> **Supplied material**:
=======

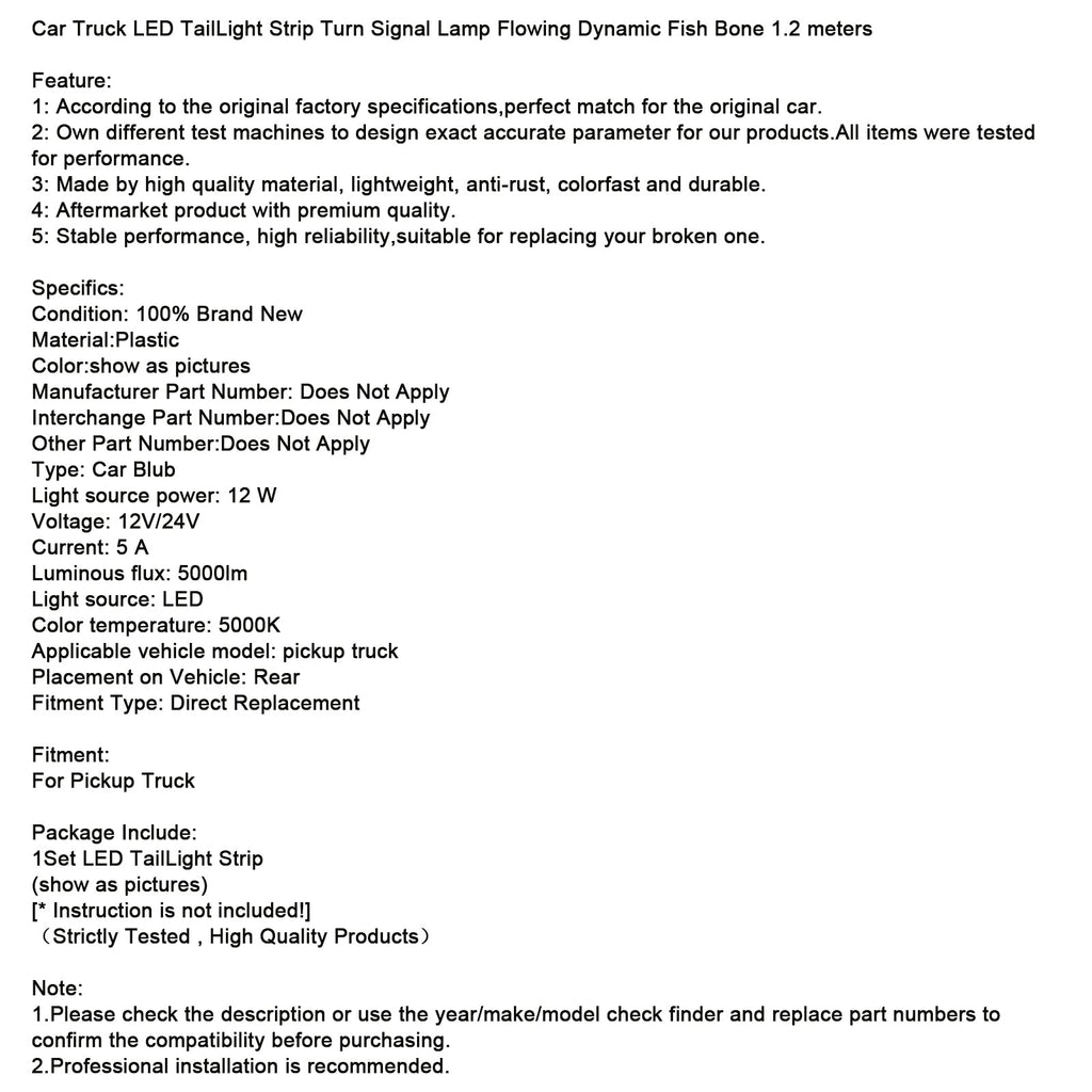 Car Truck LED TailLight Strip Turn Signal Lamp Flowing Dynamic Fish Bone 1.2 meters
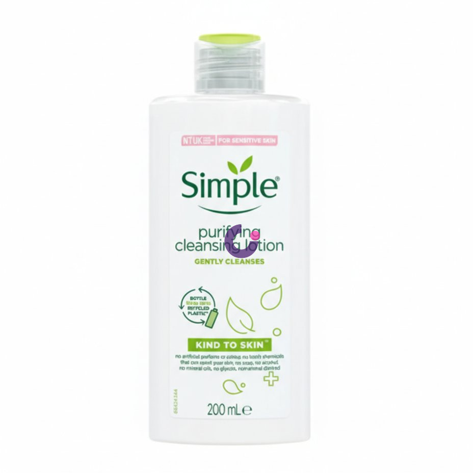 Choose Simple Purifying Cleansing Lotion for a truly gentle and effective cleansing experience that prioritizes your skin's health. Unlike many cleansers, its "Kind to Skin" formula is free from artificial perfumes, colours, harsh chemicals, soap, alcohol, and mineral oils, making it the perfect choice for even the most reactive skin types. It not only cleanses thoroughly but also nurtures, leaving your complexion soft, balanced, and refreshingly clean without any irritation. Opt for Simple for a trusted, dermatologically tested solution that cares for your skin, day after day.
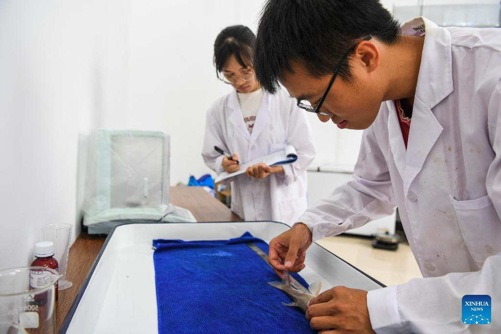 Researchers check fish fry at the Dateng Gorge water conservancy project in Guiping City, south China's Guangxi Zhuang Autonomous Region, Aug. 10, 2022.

=======

> **Problem details**:
The pictures are to be omitted, and the rest of the listing is to be transcribed exactly.

> **Problem solution**:
 Car Truck LED TailLight Strip Turn Signal Lamp Flowing Dynamic Fish Bone 1.2 meters
 Choose Simple Purifying Cleansing Lotion for a truly gentle and effective cleansing experience that prioritizes your skin's health. Unlike many cleansers, its "Kind to Skin" formula is free from artificial perfumes, colours, harsh chemicals, soap, alcohol, and mineral oils, making it the perfect choice for even the most reactive skin types. It not only cleanses thoroughly but also nurtures, leaving your complexion soft, balanced, and refreshingly clean without any irritation. Opt for Simple for a trusted, dermatologically tested solution that cares for your skin, day after day.
 Researchers check fish fry at the Dateng Gorge water conservancy project in Guiping City, south China's Guangxi Zhuang Autonomous Region, Aug. 10, 2022.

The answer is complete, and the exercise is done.